(Task input begins)

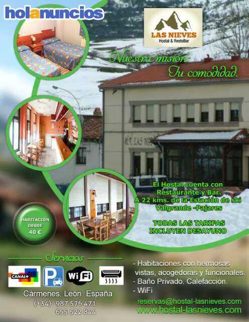 CARRETERA LEON-COLLANZO 3. alojate en el hostal las nieves, de cármenes, león. el pueblo es tranquilo con su gente amable, cerca de las cuevas de valporquero y a 22 kms. de la estacion de ski de valpajares. parking descubierto, wifi calefaccion -canal plus! . senderismo, bonitos y pintorescos alrededores entre castaños y robles, desde 40 dia - 2 personas! . . . www. hostal-lasnieves. com facebook: https: //www. facebook. com/profile. php?id=100011052361404. 1ª Planta. Amueblado. Calefacción
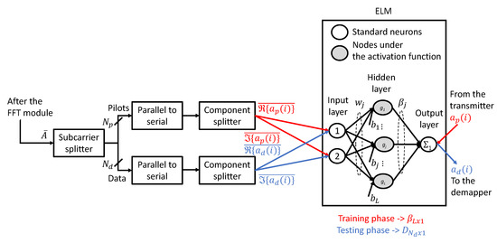 In this work, the ELM architecture consists of 2 real input (one for the real part and one for the imaginary part of the points in the constellation), L neurons in the hidden layer defined in the real domain, and 1 complex output (the constellation symbol), see Figure 2 where constants and variables may be identified. After the FFT module, pilot and data subcarriers are separated as well as serialized to accelerate and reinforce the learning procedure. The real-complex (RC) ELM by assuming the pilot subcarriers as training data is introduced for the first time since it could be directly extended to a semisupervised machine learning algorithm [41,42] for enhancing the system performance, but its realization is left for future research. Remember that the origin of phase error in the diverse subcarriers comes from the same oscillators and, hence, the inclusion of some data in the training step should be an overall positive impact. In addition, the conditions of the input weight vectors and biases based on a certain activation function in the complex plane (a fully-complex ELM) [18,19] do not occur in the RC-ELM where a real activation function is considered, by facilitating its realization. Consequently, the output weights thanks to pilot subcarriers acquire the form of:
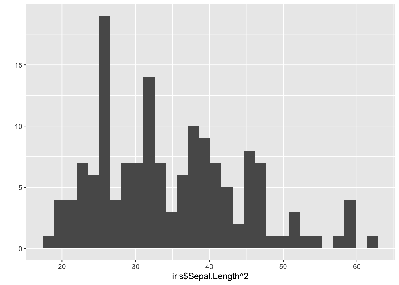 qplot(iris$Sepal.Length^2)## `stat_bin()` using `bins = 30`. Pick better value with `binwidth`.
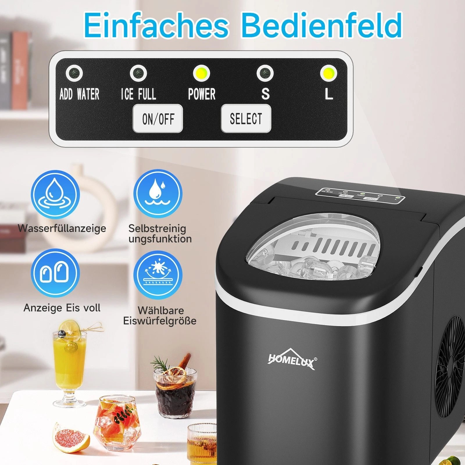 The Homelux ice cube machine is equipped with a practical self-cleaning function. It is activated simply by pressing the POWER button for 3 seconds, which starts the cleaning mode with four indicator lights flashing alternately. For optimum performance, it is recommended to regularly clean the interior of the ice cube machine with a solution of vinegar or baking soda diluted with water.
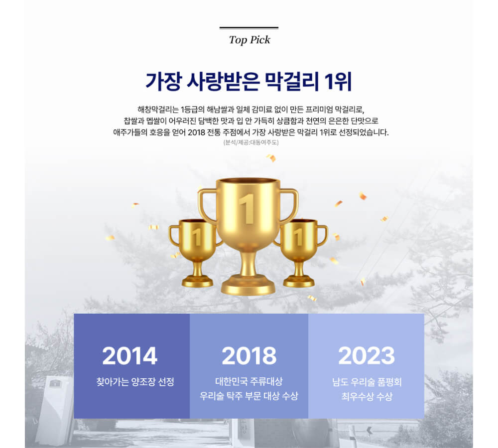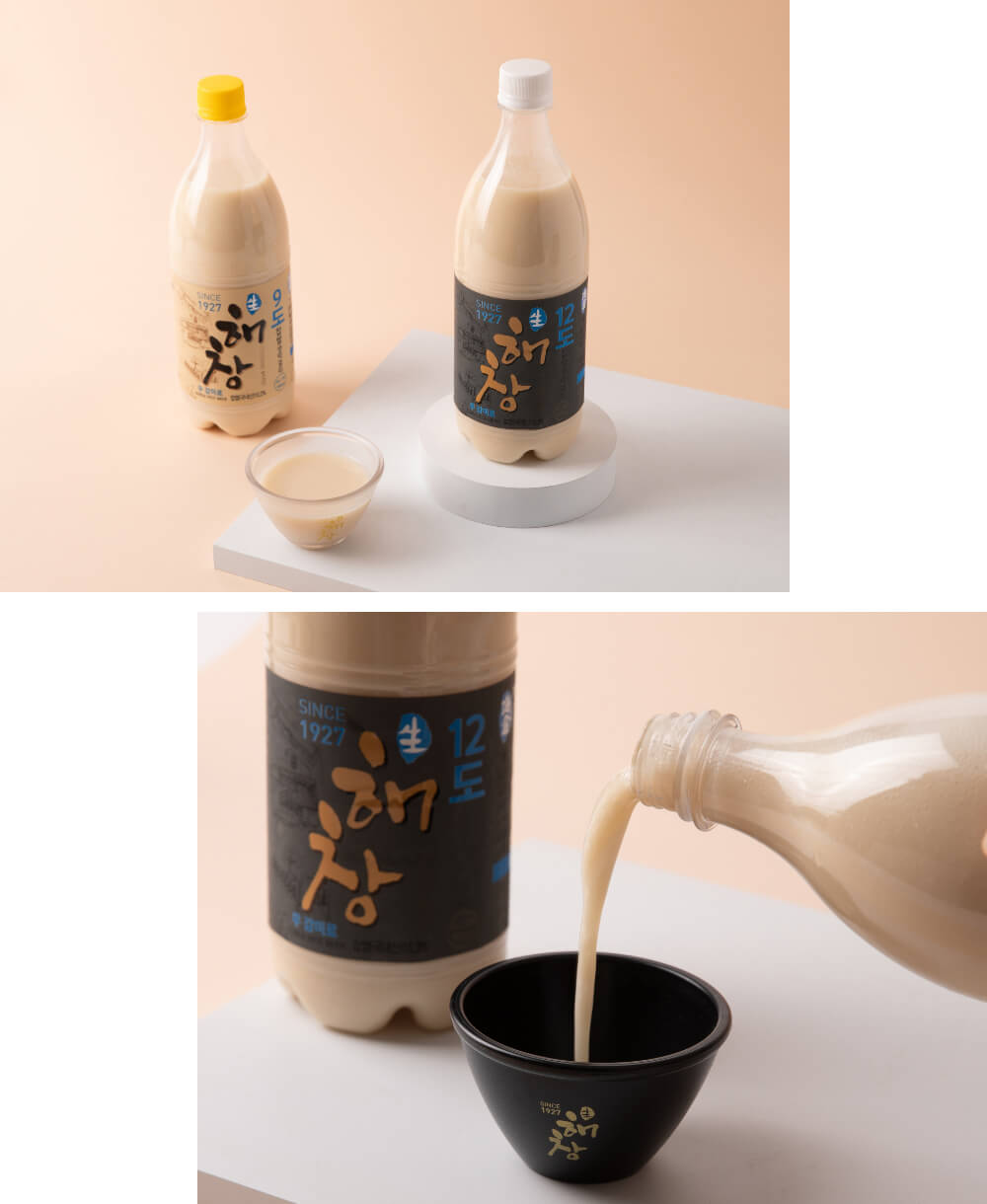 최상급의 국내산 맵쌀과 유기농 찹쌀로 고두밥을 지어 빚는 막걸리인데요. 도수에 따라 총 3개의 라인업(9도, 12도, 18도)을 구성하고 있으며 이 중 특히 해창 막걸리 18도는 원재료 본연의 담백함과 진한 바디감이 특징으로, 우리 술의 고급화에 앞장서고 있는 막걸리에요.
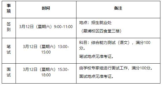 3、专项测试:考生须持本人身份证原件和准考证参加复试,复试由笔试和面试两部分组成,具体安排如下:
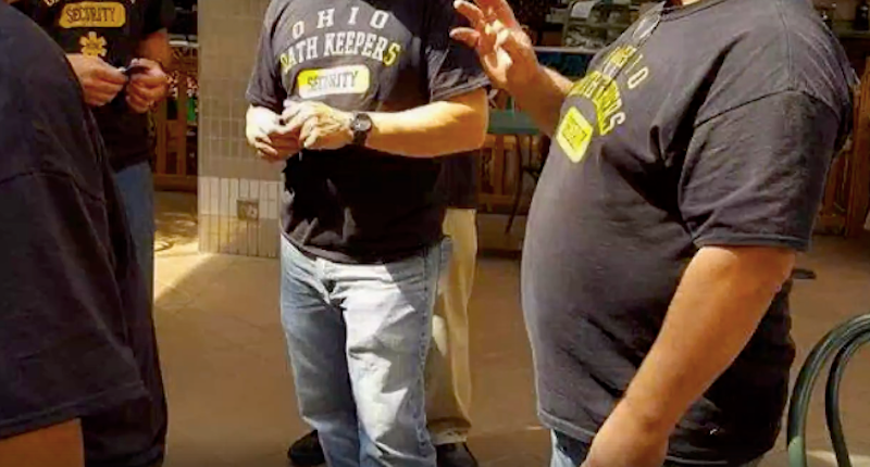Law enforcement officials' affidavit notes that Caldwell was reportedly responsible for organizing a group of 8 to 10 individuals, including some who have been identified as "styled Ohio militia members" who "wore helmets and military-style gear and were seen moving purposefully toward the top of the Capitol steps and leading the move against police lines." The Ohio members of the group were reportedly arrested on Sunday, Jan. 17.
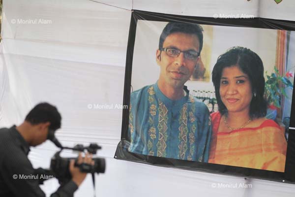 Pictures from Left to Right Amal Akash, Artist, Singer, Activist, Samageet. Shahidul Alam, Photographer, Activist, Curator, Drik. Tasmima Hossain, Editor, The Daily Ittefaq. Monirul Alam, Photojournalist, Educator, EPA. Shoeb Faruquee, Photographer, Educator, Photobank Gallery.
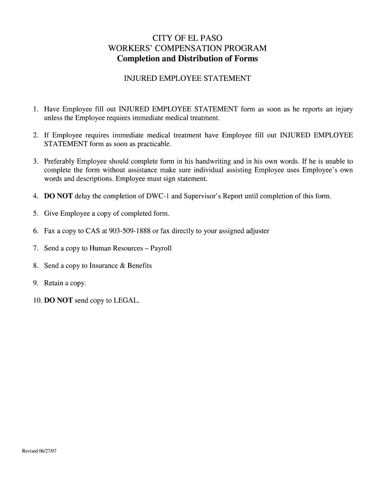 INJURED EMPLOYEE STATEMENT1. Have Employee fill out INJURED EMPLOYEE STATEMENT form as soon as he reports an injury
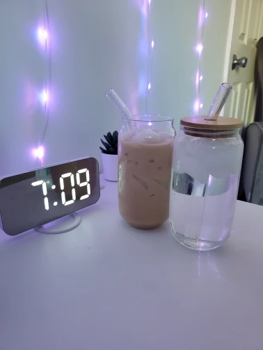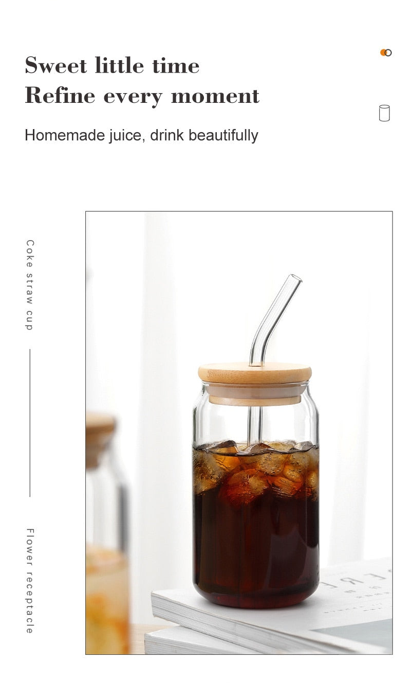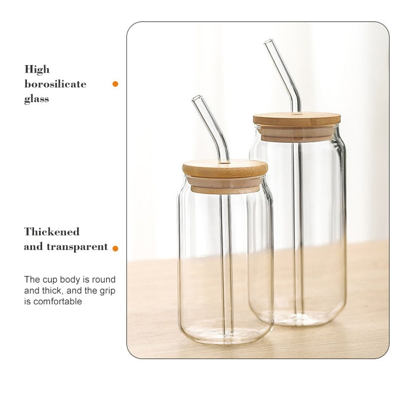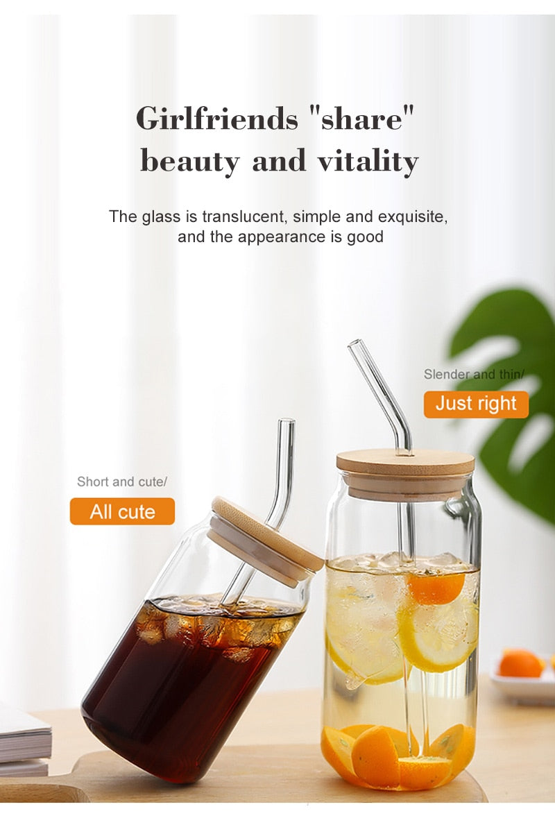 13/18oz Transparent Glass Cup With Lid and Straw

(Task input ends)

What you will do: Output nothing except the lines from the one containing "INJURED EMPLOYEE STATEMENT1." through the final line of the entries, repeated exactly and free of pictures.

Exercise solution:
 INJURED EMPLOYEE STATEMENT1. Have Employee fill out INJURED EMPLOYEE STATEMENT form as soon as he reports an injury
 13/18oz Transparent Glass Cup With Lid and Straw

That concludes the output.